# kitchen remodel... color question(s)



## Rkn (Jun 21, 2012)

Ok, so my house was built in 1900. It's old lol. My kitchen cupboards are also REALLY old. Don't get me wrong, they're nice... like the contours of the cupboards are really nicely detailed, but the actual stain color drags my kitchen down. It makes the cupboards look dated. So, what am I going to do? I'm going to paint them. I've had sooo many mixed reviews on this idea (I'll take some pictures to show the cupboards by tomorrow), some people are telling me i'm insane to paint over wood. Some people say it will be worth it. My plan is to antique them. I think given there antique build, the antique paint will really make them pop in the kitchen. Question #1 - when antiquing cupboards, what is the actual stuff called, give me a brand name if possible please (as in the paint used to give the antique effect, the darker stuff lol). 
And #2 - what color would you suggest as a base coat to put under this. I'm wanting something light, but I'm not sure that white is the right option. 

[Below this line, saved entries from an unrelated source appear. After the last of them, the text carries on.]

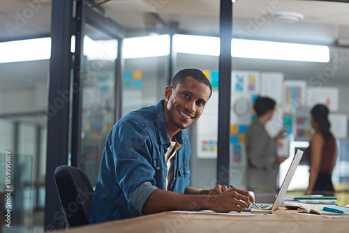 Happy man, portrait and laptop in office for research, business procedure and creative feedback. Entrepreneur, computer and notes in startup agency for project management, website design or planning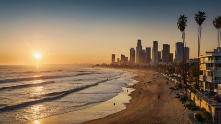 Sunset over the Pacific Ocean in Los Angeles, California, USA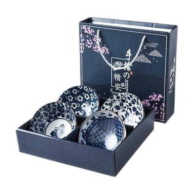 Japanese bowl and chopsticks set creative and practical gift hand-painted blue and white porcelain bowl ceramic tableware set gift box printed logo
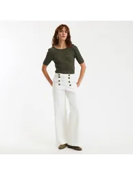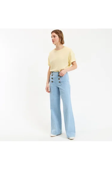 These nautical style sailor trousers are styled here in denim. Cut wide at the leg for an on-trend look. Why not wear yours with a loose fit blouse tucked into the waistband and loafers for a city slick look.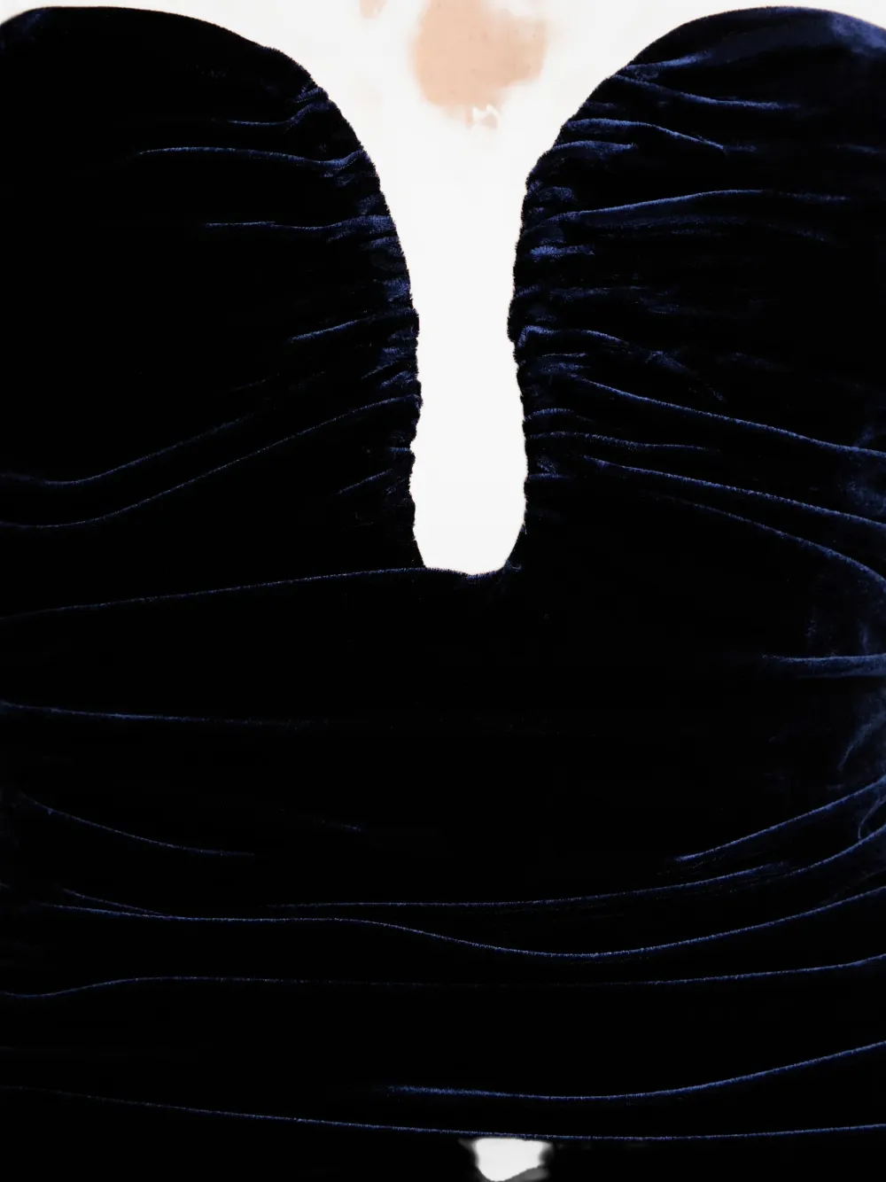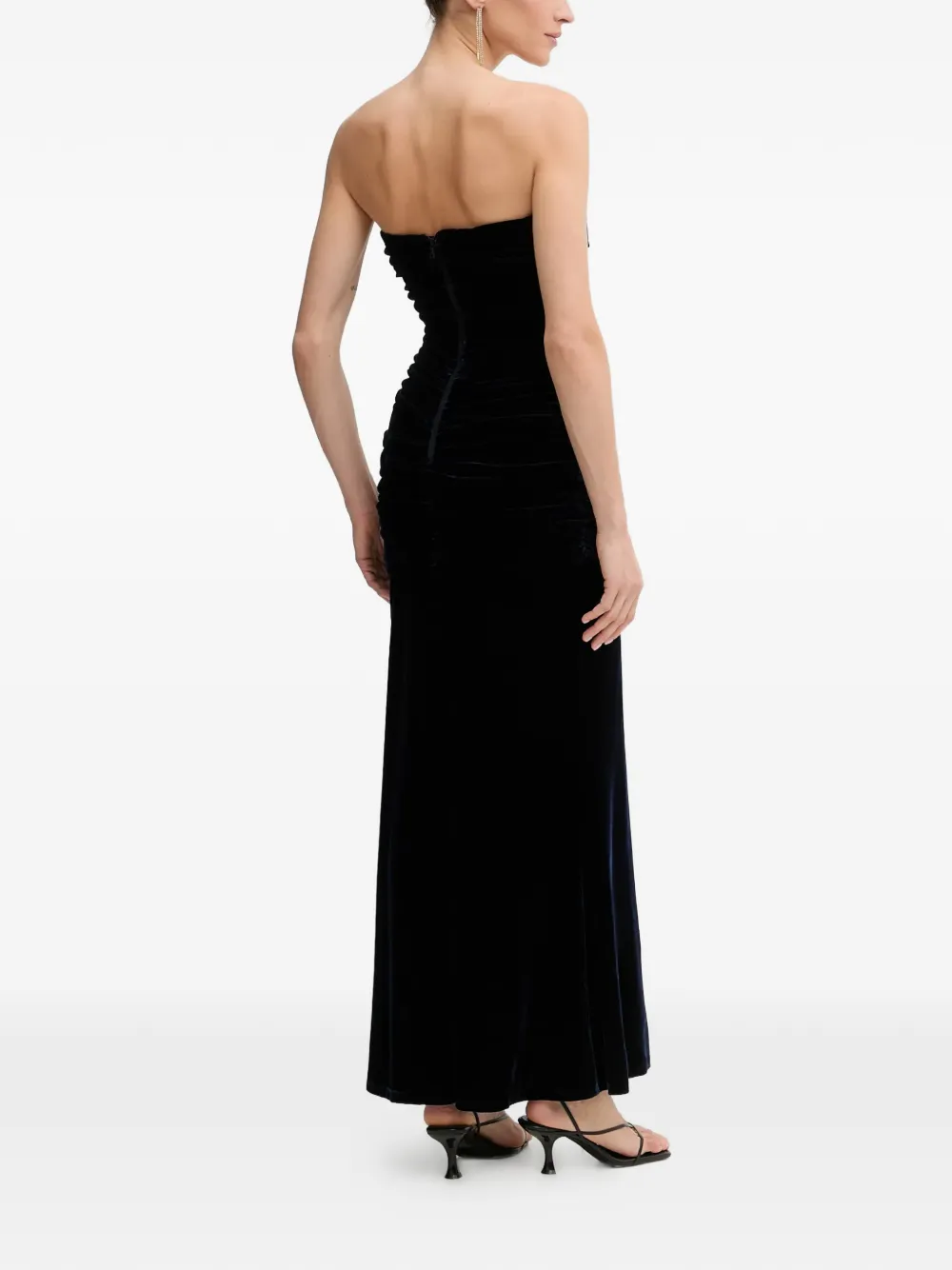Темно-синее платье без бретелек с драпировкой, застежка-молния сзади

Next we have the counter tops. The cupboards and the counter tops are the two things I'm sure of. The counters are laminate, I'm also going to paint these. They're going to be black with flecks of metallic gold. 


The backsplash - heres the tricky part. I'm REALLY wanting to do teal glass tiles because I have a moss green kitchenaid mixer and I kind of love the color. I think teal behind it would be AMAZING. Plus, it would add a nice pop to the room and it wouldn't be a cold and well, boring kitchen. 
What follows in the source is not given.